We can always count on Bishes tagging a bird with the bow every year.....congratulations once again! :coolgleam


----------



## k9wernet (Oct 15, 2007)

Great story! Beautiful bow/quiver can you tell us about them?


----------



## beervo2 (May 7, 2006)

Congrats and with a recurve...

Mike


----------



## Fred Bear (Jan 20, 2000)

great job!!


----------



## JC Keith (Dec 27, 2005)

Nice bird! Congrats!


----------



## BVW (Jul 25, 2002)

Excellent! Great job and photos.
Congrats.


----------



## Firefighter (Feb 14, 2007)

great job!


----------



## koz bow (Nov 18, 2006)

Great job Scott! Love seeing the annual traditional stick and string photo!


----------



## HunterHawk (Dec 8, 2005)

congrats Bishs... love the widow! you are the man on taking down those toms with that thing!

I need to convince myself to hunt with just my recurve next year! i hope i can do it! i have never shot one with my widow.. just taken lots of feathers!

im also impressed you got a passthrough with that!

how many #'s is that? mine is 62 at 29 i believe...

also nice set up! looks great!


----------



## Fur-minator (Nov 28, 2007)

Nice turkey and shot.

I hope to use my new recurve for next seasons hunt.
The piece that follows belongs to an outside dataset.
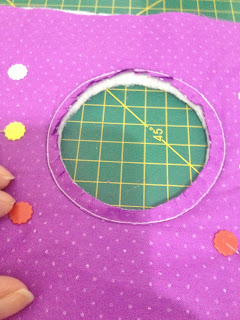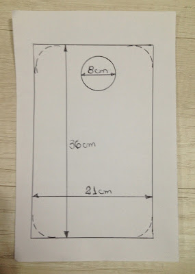 Na parte superior do avesso risque um circulo com régua ou um copo, cinco centímetros para baixo;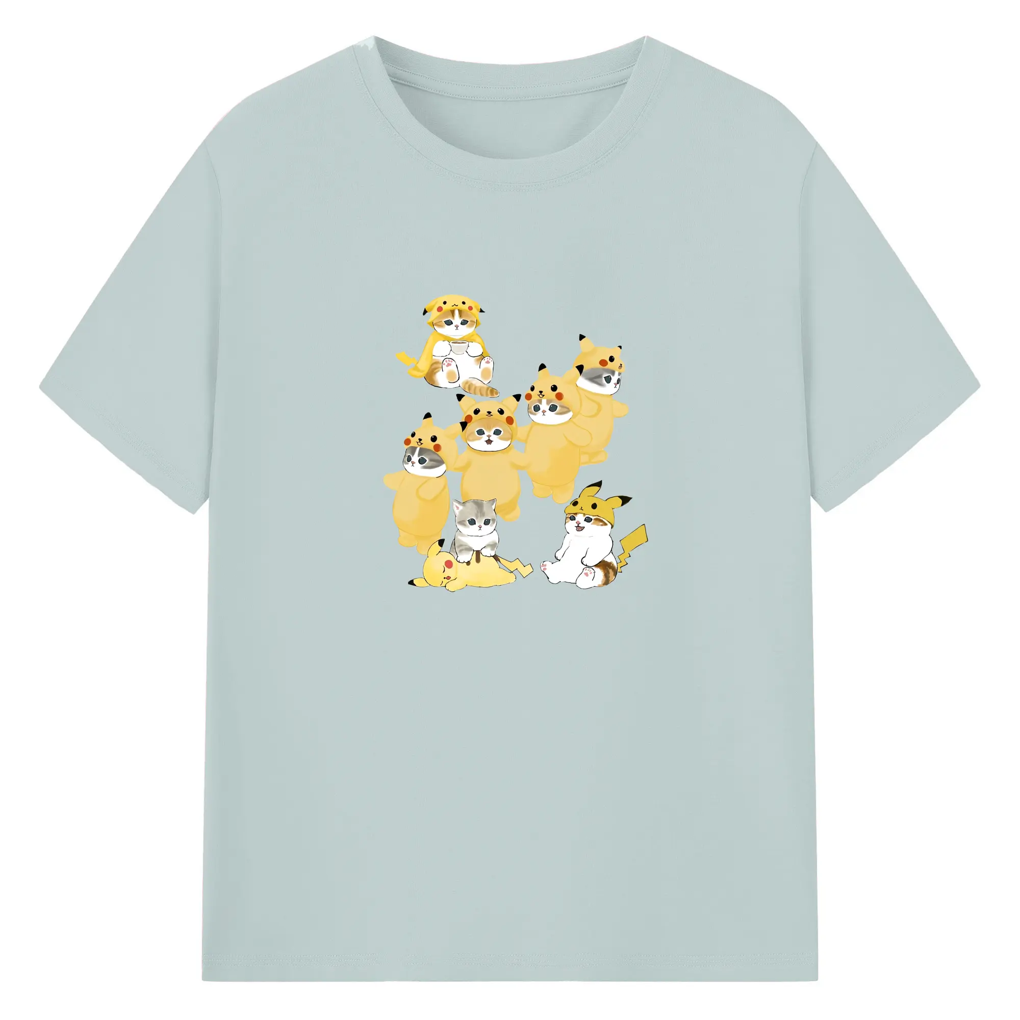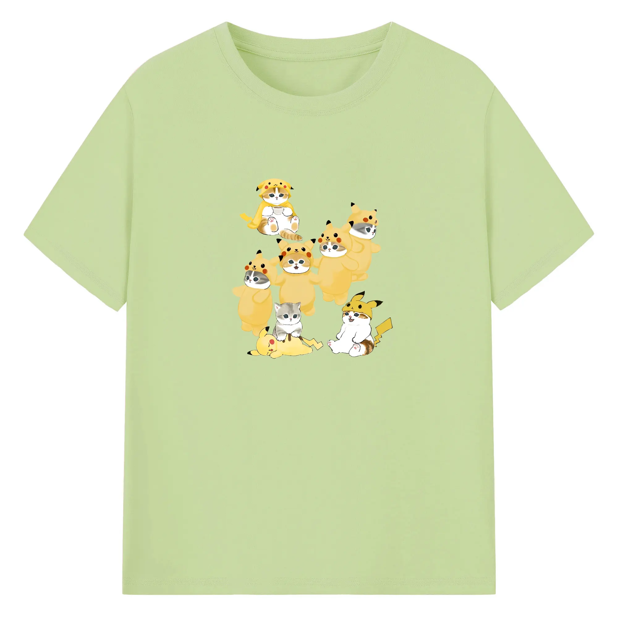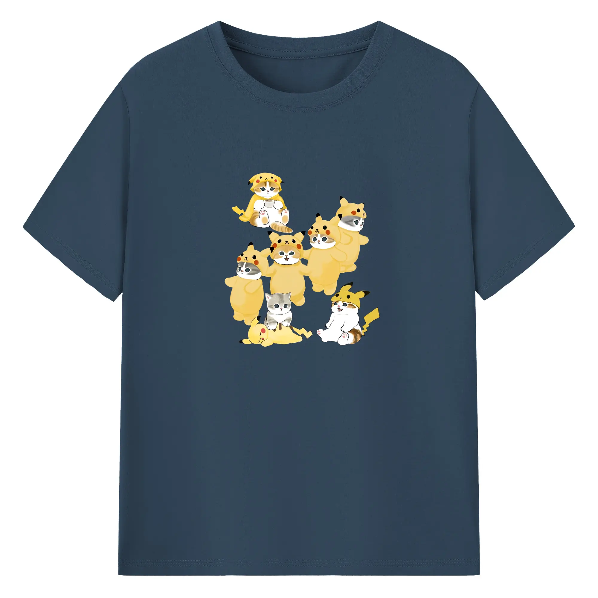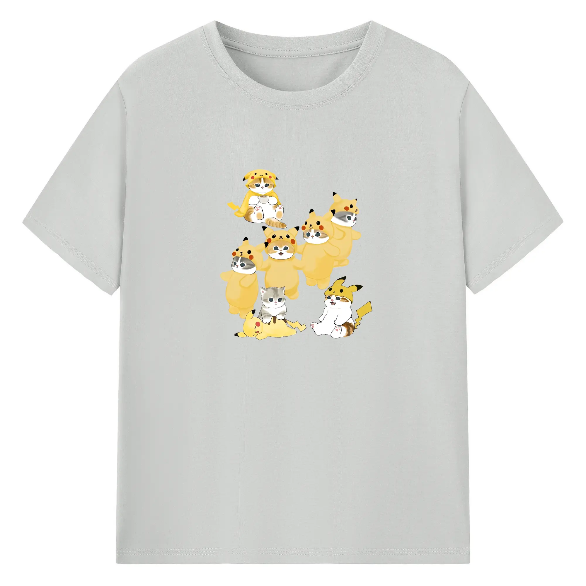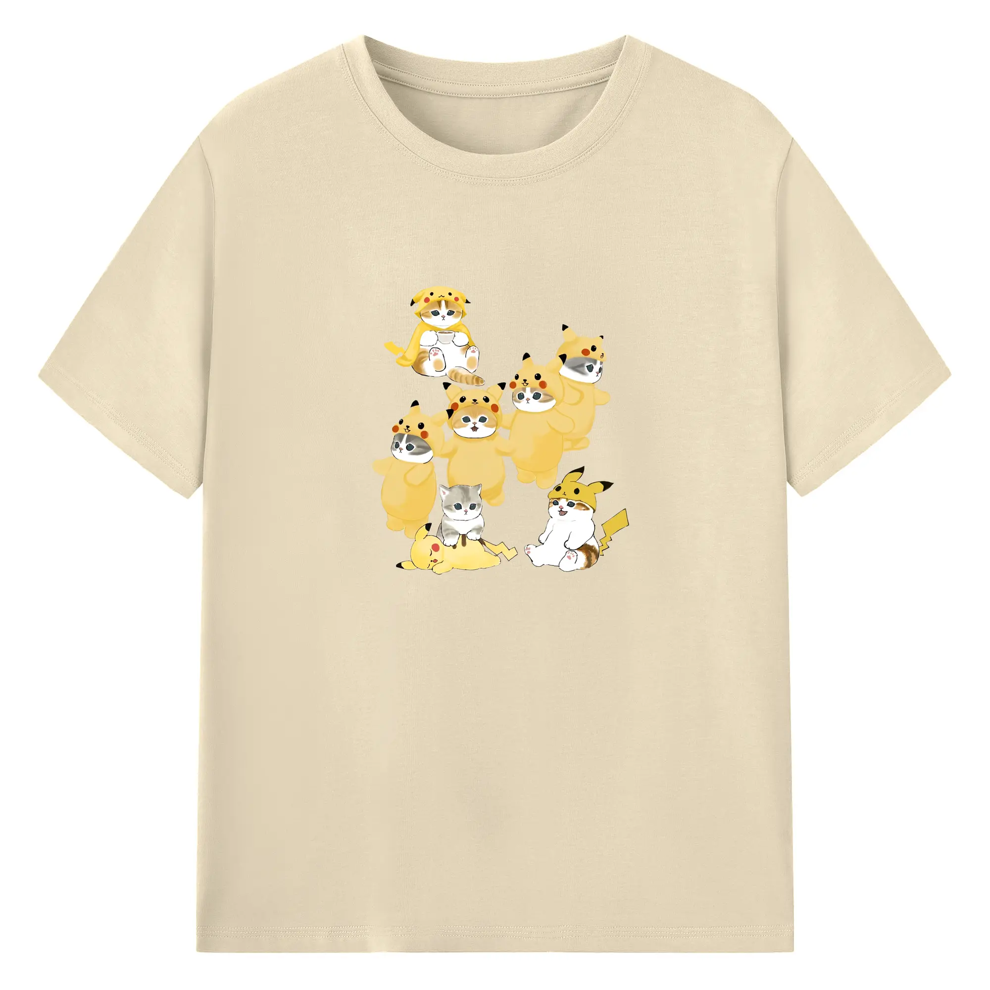Mofusand × ピカチュウ コラ限定ボ - 綿100% ヴィンテージ風 半袖Tシャツ ・ フロントプリント ・ 柔らか肌触り ・ 通気性 快適 ・ スポーツ カジュアル 外出用

I'm not good enough yet unless they are within 5 yards:lol:


----------



## Flag Up (Feb 15, 2009)

congrats on da bird.


----------



## TJD (Jan 29, 2006)

Congrats! Nice bird and cool pics.


----------



## mparks (Sep 4, 2001)

Way to go Scott!


----------



## bishs (Aug 30, 2000)

Thanks for all the responses. I was surprised to get a pass through. I prefer the arrow staying in them. That usually keeps them from running off or flying. The bow is 57 lbs at my draw. 
Good Luck to all....


----------



## harrisonhunter (Nov 5, 2003)

Great job.. Congrats.


----------



## Wally Gator (Sep 21, 2007)

Congrats, that's one heck of a feat. Taking a bird with a compound bow is one thing, and doing it with traditional equipment is another. Well done Sir, hat's off to you!


----------



## blood trail (Mar 31, 2010)

Well done!! Your pics got my heart pounding, I cant imagine it if I had a bird in my sights with a traditional bow! 

I would love to even miss a bird with traditional equipment.

Congrats again!!!


----------